Затем семинар кончился, началось время, отведенное для вопросов. Прежде всего Паули, сидевший рядом с Эйнштейном, встает и заявляет: «Я не думай, что этот теорий может быть правильное, потому что то-то, то-то, то-то», – и он поворачивается к Эйнштейну и говорит: «Вы согласны, не так ли, профессор Эйнштейн?»
Эйнштейн говорит: «Не-е-е-е-т», – такое милое, звучащее по-немецки «нет» – очень вежливо. «Я нахожу только, что будет очень трудно создать соответствующую теорию для гравитационного взаимодействия». Он имел в виду общую теорию относительности, которая была его детищем. Он продолжал: «Поскольку на этот раз у нас не так уж много экспериментальных данных, я не абсолютно уверен в правильности гравитационной теории». Эйнштейн понимал, что ситуация могла бы отличаться от того, что утверждала его теория; он был очень терпим к другим идеям.
Как бы я хотел, чтобы то, что сказал Паули, запомнилось – годы спустя обнаружилось, что теория неудовлетворительна при переходе к квантовому варианту. Возможно, этот великий человек заметил трудное немедленно и объяснил ее мне в своем вопросе, а я был настолько размягчен возможностью не отвечать на вопросы, что фактически и не слушал их внимательно. Я отчетливо помню, как мы с Паули поднимались по лестнице Палмеровской библиотеки и он спросил у меня: «А что Уилер собирается сказать о квантовой теории, когда он будет делать доклад?» Я сказал: «Не знаю. Он не поделился со мной. Он работает над этим сам».

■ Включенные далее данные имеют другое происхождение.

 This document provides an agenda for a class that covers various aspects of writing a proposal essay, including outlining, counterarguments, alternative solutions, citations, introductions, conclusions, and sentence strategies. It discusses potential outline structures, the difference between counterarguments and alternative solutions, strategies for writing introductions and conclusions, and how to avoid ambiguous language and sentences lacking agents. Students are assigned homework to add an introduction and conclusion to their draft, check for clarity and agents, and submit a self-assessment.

«О? – сказал он. – Человек работает и не рассказывает своему ассистенту, что он делает по квантовой теории?» Он подошел ближе ко мне и сказал тихим голосом заговорщика: «Уилер никогда не выступит с этим семинаром».
И это правда. Уилер не сделал доклада. Он думал, что будет легко разработать квантовую часть теории, полагая, что она почти уже у него «в кармане». Но это было не так. И ко времени предполагаемого семинара он осознал, что не знает, как это сделать, и, следовательно, ему нечего сказать.

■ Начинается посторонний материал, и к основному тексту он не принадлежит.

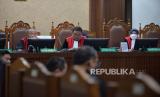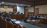 Suasana sidang lanjutan yang menghadirkan saksi mahkota yaitu terdakwa kasus pemerasan dan gratifikasi di Kementerian Pertanian yang juga mantan Menteri Pertanian Syahrul Yasin Limpo (SYL) di Pengadilan Tipikor, Jakarta, Senin (24/6/2024). Syahrul Yasin Limpo (SYL) menjadi saksi mahkota untuk mantan Sekjen Kementan Kasdi Subagyono dan mantan Direktur Alat dan Mesin Pertanian Kementan Muhammad Hatta. Saksi mahkota merupakan terdakwa yang bersaksi untuk terdakwa lainnya. (FOTO : Republika/Prayogi)

И я так и не решил эту задачу – квантовую теорию полуопережающих, полузапаздывающих потенциалов – хотя я работал над ней многие годы.
Смешивание красок
Причину того, почему я считаю себя «некультурным» или «неинтеллигентным», возможно, следует искать в том времени, когда я был старшеклассником. Я постоянно переживал из-за того, что могу показаться неженкой; я не хотел быть чересчур утонченным. Мне казалось, что ни одного настоящего мужчину не интересует поэзия и тому подобное. Но мне никогда не приходило в голову, как же тогда вообще были написаны стихи! Поэтому я развил в себе негативное отношение к парням, изучающим французскую литературу или слишком много занимающимся музыкой или поэзией – всем, что «имеет отношение» к искусству. Мне гораздо больше нравились сталевары, сварщики или рабочие машинного цеха. Я всегда считал, что если парень работает в машинном цехе, значит он – настоящий мужик! Таково было мое отношение. Быть человеком труда мне казалось достойным, чего никак не скажешь о том, чтобы быть «культурным» или «интеллигентным». Первое, несомненно, было правильно, но что касается второго, – это был полный бред.
Это чувство не оставило меня и тогда, когда я делал диплом в Принстоне, и вы в этом убедитесь. Я частенько бывал в симпатичном маленьком ресторанчике, который назывался «Папино место». Однажды, когда я там обедал, недалеко от меня сел маляр в рабочем комбинезоне. Он спустился со второго этажа, где красил комнату. Каким-то образом между нами завязалась беседа, и он начал говорить о том, как много нужно знать для того, чтобы заниматься малярным делом. «Например, – сказал он, – если бы вам пришлось красить стены в этом ресторане, какой цвет Вы бы выбрали?»
Я ответил, что не знаю, на что он сказал: «Стены нужно покрасить в темный цвет до такой-то высоты, потому что, видите ли, люди, сидящие за столами, трутся локтями о стены, так что белая стена здесь не подойдет. Она слишком быстро становится грязной. Но над темной краской должна быть белая, чтобы создать в ресторане ощущение чистоты».